Dealing with Social Media
Social media should be a good medium for information sharing, fun and inspiring others. At least that was how I see and use it during my traveling days. However, I noticed that few days before the lockdown it started to be toxic and became worse as quarantine approaches. It was full of negativity with a lot of bad news and overflowing fake news. I saw a post of a friend raising an argument regarding how deadly COVID19 is and yes, she’s up for a fight while another would always post the increased number of cases then followed by criticizing the government. I am not exempted when I made a six-word sentence comment on an article. Someone came for me throwing harsh words even criticizing my looks. I ended up deleting my comment and promised myself to NEVER give any of my two cents anymore. I also logged out but since social media is my only source of news I logged in again two days after and just unfollowed those undesirable people on my feed. Gladly, I am doing fine.
Admit it! Eight weeks of quarantine is too long. Even though you are the most productive person in the planet there are times that you get bored too with too much time and nothing to do. Although there are trends that went viral on the internet to ease boredom it wasn’t enough for me since I am living a complete different lifestyle before, waking up in different places doing various outdoor activities. I am not used to following certain routine.
Fear of Missing Out
Now this is pure selfishness you may say. I know this type of feeling should not be present during this time of crisis. The first weeks of lockdown were really bad for me. I hated it. I hated the situation and the atmosphere of it. It even added whenever I check my friends’ ig stories and posts from overseas. They say they are on quarantine but how come they can still go out and play golf, some of them would go hiking and cycling for the whole day and others don’t have lockdown in their cities at all. At that point, I started questioning how the government is handling the situation. How come other countries are not having a lockdown and their citizens are free to move around while we are locked up in our home. But then I realized we have different situations, facilities and approach from other parts of the world. I should just start trusting the process of this and do my part. To stay home! I stopped snooping at my friends’ posts and just focus on my well-being during this quarantine.

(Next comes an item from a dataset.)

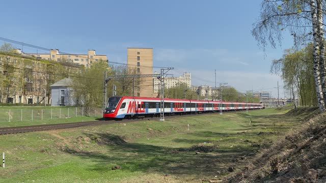 Электропоезд ЭГ2Тв-015 "Иволга", перегон Подмосковная - Тушино, г. Москва (апрель 2025г.)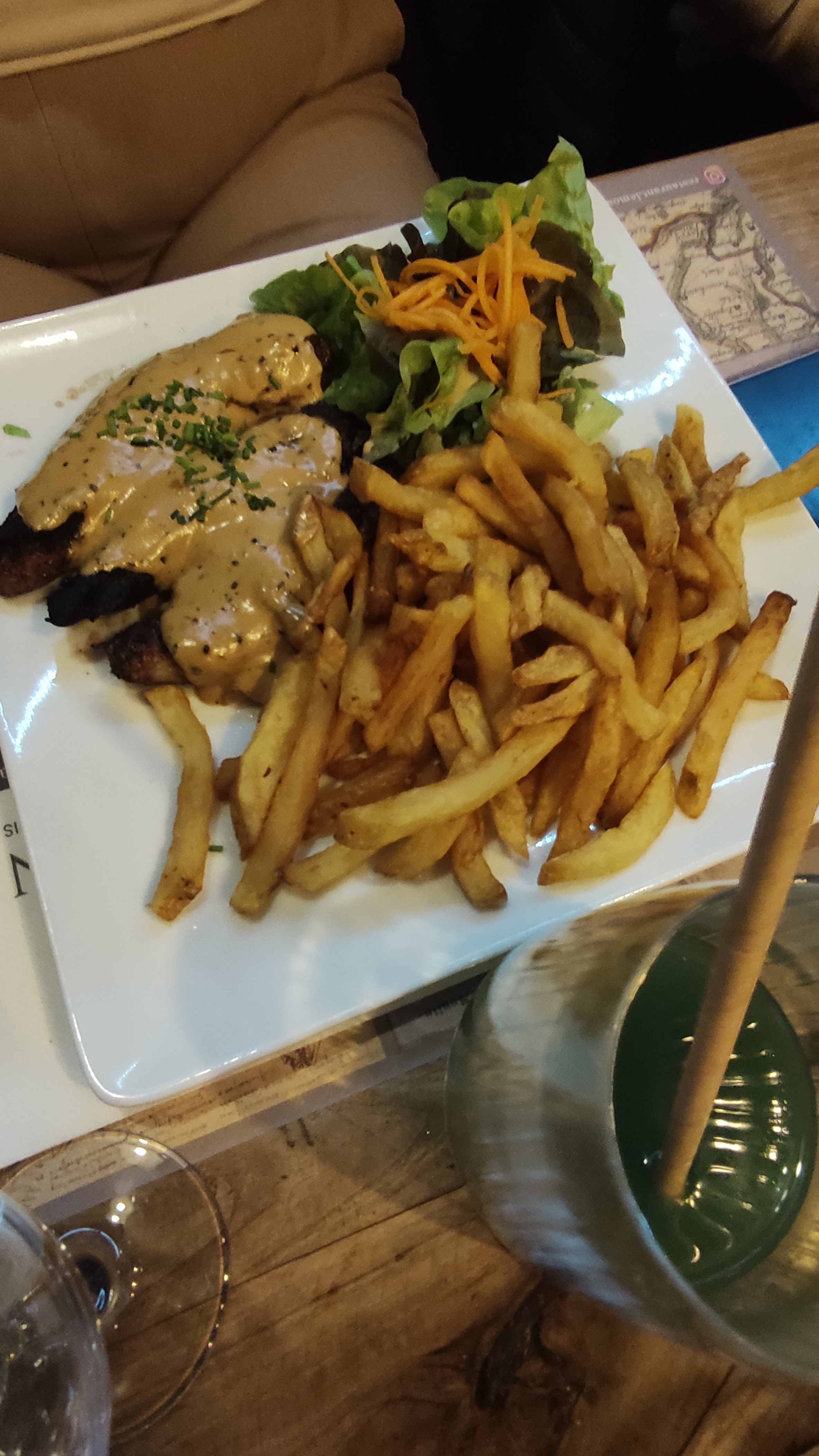 Réservation le jour même pour 2 personne, accueil parfait et parking sur place. Viande sauce poivre et salade tres bien, les BOUTS de frites à revoir.... Restaurant complet, plusieurs brasserades en fonctions plus la cheminée créé une chaleur assez présente disons que l on a pas froid. Service attentif mais trop long du fait du nombre de personnes. Le verre de vin de Bordeaux et surtout le bourgogne un peu cher c est mon avis. 2 apéritifs, 2 plats, 2 desserts et 1 verre de Bordeaux 68€ Bon appétit à tous.

Overall, it is not that bad at all. On the positive side, during the lockdown I learned to slow down, pause and appreciate things. I start noticing the beauty of my neighborhood which I just ignored the whole time. I made productive daily routine which includes allocating time to do household chores, watch travel movies (to keep me inspired), k-drama, read books, and work out. I turn off my phone data from time to time and only use it for a certain amount of hours per day to attend to my e-mails, updates regarding work and to check in with my friends and family. I learned to be kinder to myself. I start accepting that if I didn’t accomplish anything today so be it. There’s still tomorrow to do it. I constantly remind myself of my life mantra “If it’s not okay, it’s not yet the end.”
*Bonus part, I deep cleaned my room and collected more than a kilo of dust (not a joke) which will not happen if it were because of the quarantine. LOL!